Pengelolaan Sampah di Desa Tehoru Awalnya Dari Gerakan Pemuda

Saat itu langit sudah gelap. Azan Isya dari surau menggema tipis dan memanggil masyarakat Desa Tehoru untuk berkumpul. Namun pemuda Tehoru saat itu sudah lebih dahulu berkumpul di sekitar sana. Mereka ingin menonton dua rekannya yang diundang menjadi tamu gelar wicara daring.

Namanya Agus Hatapayo dan Mega Rumagoran. Mereka adalah salah dua dari komunitas Tehoru Kalesang Sampah (TRASH) Indonesia yang diundang oleh Yayasan Masyarakat Dan Perikanan Indonesia (MDPI) untuk mengisi sebuah acara Instagram Live. TRASH Indonesia adalah sebuah komunitas relawan pemuda dan kelompok pelajar yang mendorong desa untuk mengembangkan sistem pengolahan sampah yang efektif.

Penduduk Tehoru menyimak sosialisasi perikanan bertanggung jawab oleh MDPI. Desa Tehoru adalah desa yang mayoritas penduduknya nelayan.

Isu sampah memang lebih mudah masuk ke generasi muda. Sebab, generasi zaman sekarang lahir di era krisis lingkungan. Hal ini juga didukung dengan perputaran informasi yang cepat di media sosial yang penggunanya mayoritas orang muda.
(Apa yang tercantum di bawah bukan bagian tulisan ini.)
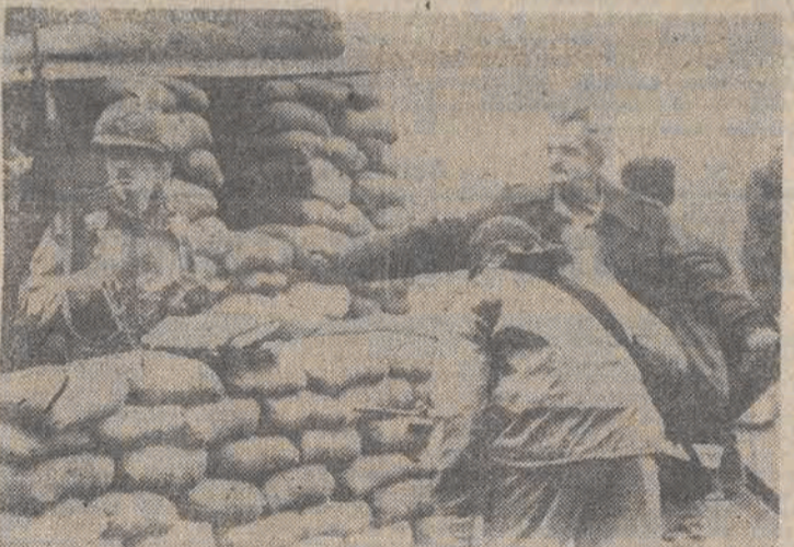
Żołnierze amerykańscy sprawdzają przechodniów przed ambasadą amerykańską w Bejrucie.
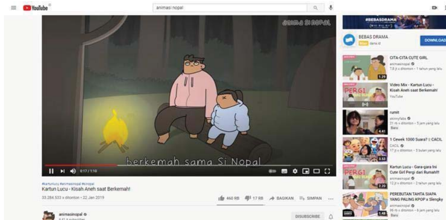
Gambar 1.4 Cuplikan video animasi Nopal viewers terbanyak kedua Gambar 2. Video ketiga pada tanggal 22 Maret 2019
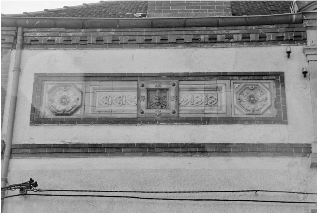
Détail de la façade est : panneaux de céramique (provenance indéterminée).

71, Écuisses, lieudit : la Première Ecluse
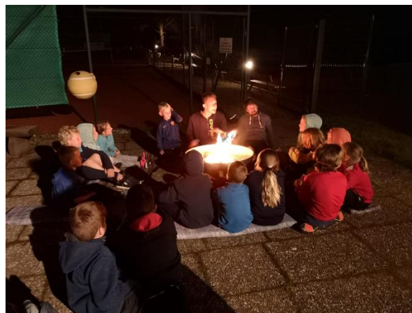
Jugendvereinsmeisterschaften und Zeltwochenende

Wichtig: Die Vereinsmeisterschaften werden nur durchgeführt, wenn sich genügend Spieler und Spielerinnen melden. Der Vorstand ist der Ansicht, dass alle Mannschaftsspieler und -spielerinnen nach Möglichkeit an den Jugendvereinsmeisterschaften teilnehmen sollten.
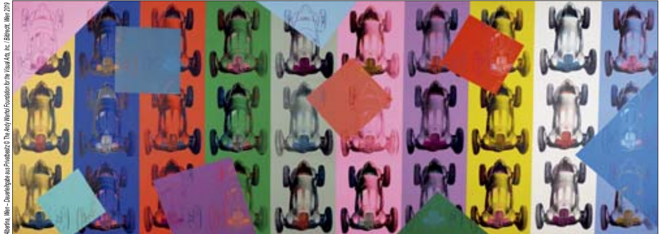
Andy Warhol, Mercedes-Benz Formel Rennwagen W125, 1987

Warhol bis Rauschenberg: Amerikanische Kunst aus der Albertina – von 19. November 2019 bis 29. März 2020 im Schlossmuseum Linz

Namun kasusnya sedikit berbeda dengan Tehoru. Banyak dari mereka yang tidak memiliki akun Instagram, Twitter, atau TikTok yang digandrungi para pemuda. Mereka adalah pemuda yang kebetulan tumbuh besar di desa yang lingkungannya tercemar sampah.

“Awalnya kami merasa resah. Kok di Desa Tehoru masalah lingkungannya banyak sekali. Isu yang paling meresahkan saat itu adalah alam kami rusak karena sampah. Akhirnya kami semua berkumpul menjadi satu untuk membersihkan sungai, pantai, dan telaga,” jelas Mega.

Tidak mudah mengubah menyatukan para pemuda Tehoru untuk mengurus sampah. Awalnya, para pemuda Tehoru tersegmentasi dalam berbagai macam kelompok dan komunitas. Dahulu Agus dan Mega berasal darikomunitas yang berbeda; Agus adalah seorang anggota komunitas literasi, sedangkan Mega anggota komunitas pecinta alam. Namun kemudian mereka bersatu paham dan bekerja sama untuk menyebarkan pengaruh positif lewat jalur pendidikan dan peningkatan kesadartahuan.

“Kami berkunjung ke sekolah-sekolah, mencoba untuk mengedukasi para pemuda dan pelajar. Dari sana anak-anak kemudian mengedukasi orang tuanya,” ujar Agus.

Kebiasaan warga Tehoru kemudian perlahan-lahan berubah akibat inisiatif anak-anak mereka. Bahkan, para pemuda dan pelajar berhasil meyakinkan pemerintah desa untuk berkolaborasi dan mengeluarkan peraturan pengelolaan sampah di tahun 2022.

Kini Tehoru memiliki fasilitas seperti transportasi pengangkut sampah dan Tempat Pengolahan Sampah Terpadu (TPST) yang didapat dari pemerintah desa dan provinsi. Tehoru berupaya untuk melakukan kegiatan pemilahan sampah bernilai yang bisa menjadi penyumbang pemasukan desa.

“Alurnya dari rumah, kemudian ke TPST, dan (rencananya) dijual ke pengepul luar. Nantinya dana juga akan berputar kembali untuk operasional sampah, bukan kantong kami,” sambung Agus.

TRASH Indonesia juga rutin mengadakan acara-acara peduli sampah. Per tahun 2022, MDPI bersama TRASH Indonesia dan Pemerintah Negeri melakukan edukasi pemilahan sampah, bersih pantai, dan pendataan jenama (brand) sampah pesisir. Kegiatan-kegiatan tersebut melibatkan banyak pihak seperti pemerintah, badan keamanan negara, nelayan, pelajar, dan golongan masyarakat desa lainnya.

“Kita tidak perlu kekuatan super untuk menyelamatkan bumi. Cuma butuh peduli lingkungan, kita sudah jadi ‘super hero’,” tutup mereka.